He has the smarts. He is not going to be the stongest rider on our team, but he has good savvy, ability to read the race and speed. So if he gets in a breakaway, he is a valid contender to win, so it takes a lot of presure off the team if you can have a guy like that who can cover moves and not just cover them to kill them, but cover them with a chance of winning. That is another option that the team has. Kyle is a good young signing, as well as Victor, another good, young signing. Victor is enthusiastic about his return to the States.
PEZ: Before the San Francisco GP this year, the Colavita team spent the week at the Sutter Home Winery Property, tell me a little about the week.
MM: We had a training camp at Sutter Home at the start of the year. They did a fantastic job hosting us at their compound. They have some private houses, so the whole team met there for the first time, and we got to hang out with the people of Sutter Home which gave us a great feeling about their co-sponsorship.
You know with some sponsors, you never really get a vibe from them. You see their colors on your jersey, you see the products in the cars and the stuff that gets given away at races, but not much more. It is really great to have a sponsor get that involved – one that actually invites you to stay with them on their property.
They had a couple of functions for us that we participated in, and then again at the end of the year knowing that the race was in San Francisco, my brother Frank and the people from Sutter Home started talking early in the season about coming over early for San Francisco instead of just flying in the day before, doing the race as if it’s just another race. So we go to come in on Monday, of the week of San Francisco; we did a great little training camp in the Napa Valley, through the vineyards of Sutter Home, and the weather was extremely hot, but we did some great training there.
Podium sweep for Colavita/Sutter Home at one of the stages at the Tour de Toona this year.
Then we moved down to Emeryville, which is right across the bay from San Francisco for Friday night and Saturday.
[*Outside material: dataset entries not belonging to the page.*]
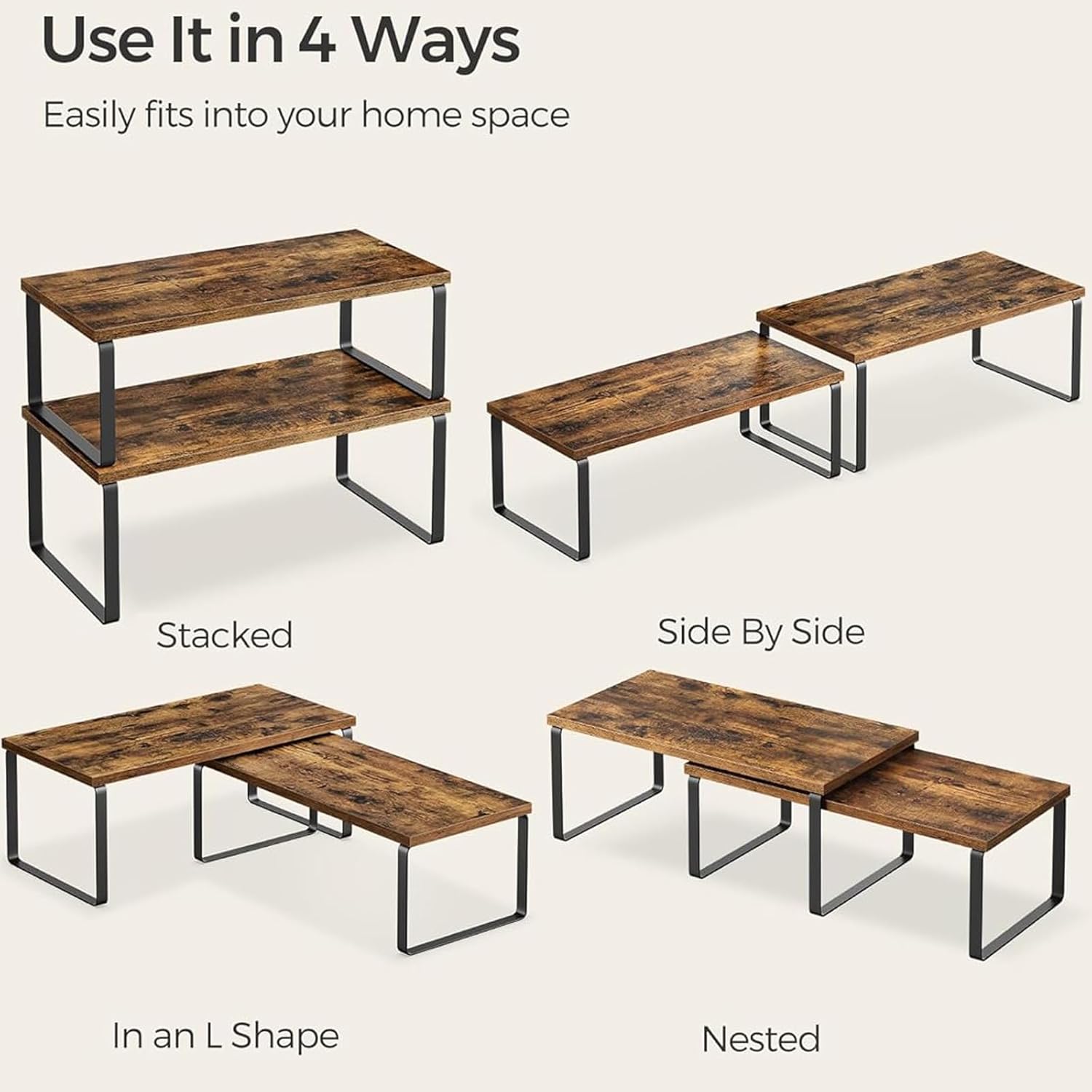 Cabinet Organizer Shelf, Kitchen Counter Storage, 2-Piece Set, Stackable Spice Rack, Metal and Wood (Black and Rustic Brown)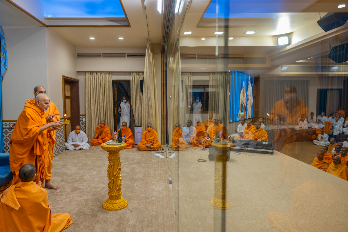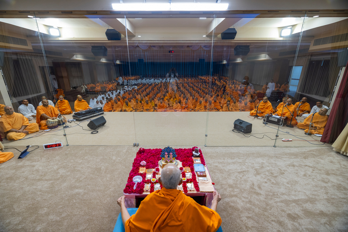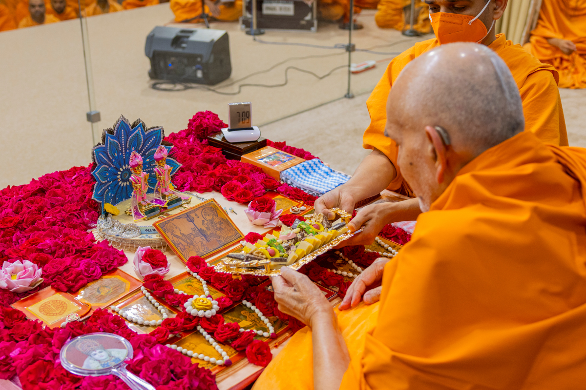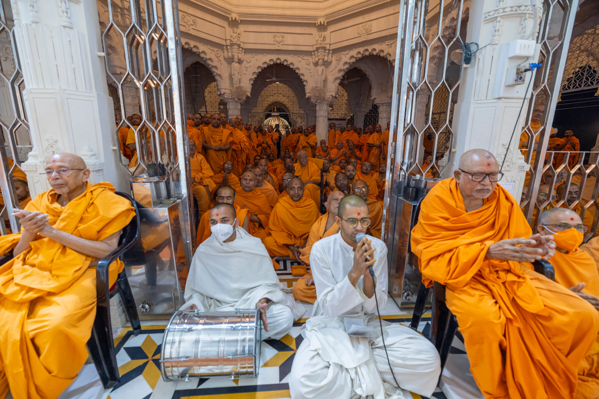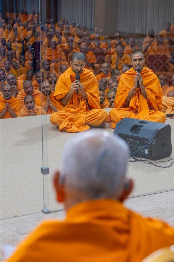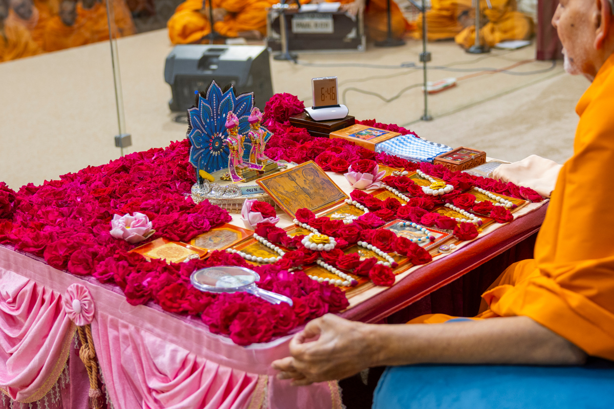 Swamis lead everyone in reciting the sadhana mantra and daily prayer in Swamishri's puja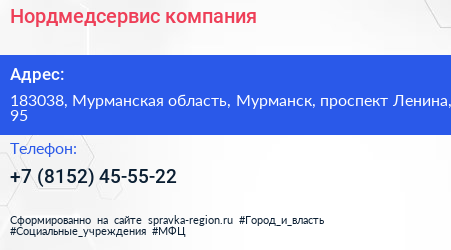 Нордмедсервис, компания по адресу 183038, Мурманская область, Мурманск, проспект Ленина, 95 в дальнейшем Организация, размещена в следующих категориях:

Just getting in early, training, staying in a house, cooking food, just living a regular life was great. You know, coming from the East Coast is such a challenge, it really impacts your racing. Racing the San Francisco race is such a hard race.
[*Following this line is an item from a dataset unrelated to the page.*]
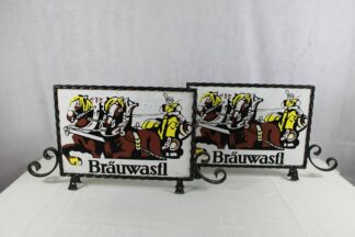 0892-Brauerei Bräuwastl schmiedeeiserne Werbeschilder 2 St. 20 Jh.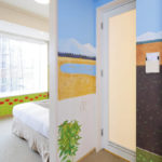 Inside a closet to the left, just as you enter the room, is a field of rape blossoms. Then, on the walls, there’s a rice field that’s just been freshly planted. If you continue to the right, the rice grows, and we see a scene of the changing seasons, with windows sandwiched in between. With autumn come hanging, golden-colored heads of rice. Each wall depicts a different season, but whichever one you look at, you can’t miss the distinctive plants and animals of “Satoyama Landscapes”. Spring rape blossoms, swallows, tadpoles. Summer frogs, ants. The autumn cosmos, sparrows and winter foxes. Also, the artist wanted to depict the summer nights on the ceiling, so when the lights are turned off, you can see fireflies and the Milky Way in glowing fluorescent paint. In Artist Room Satoyama Landscapes, have a relaxing stay, while searching for Japan’s seasons in the walls.

You had better be on your “A” game. To have that flight be out of the way, along with some great training helped us have a great race. We put four or five riders in that front group. We didn’t win the race but for our domestic program we did well. We were close. It just showed the support Sutter Home provided for our team. Sutter Home now can see the benefits from being involved in cycling.
The good values of health and physical fitness, and of course there is the value of Colavita Oil being a high quality brand to partner with the great rank of Sutter Home wines. Many higher ups from Sutter Home came to the race with their families. It is great for them to see how hard we work. They work hard at their jobs, it’s great for them to see us out there giving it our all.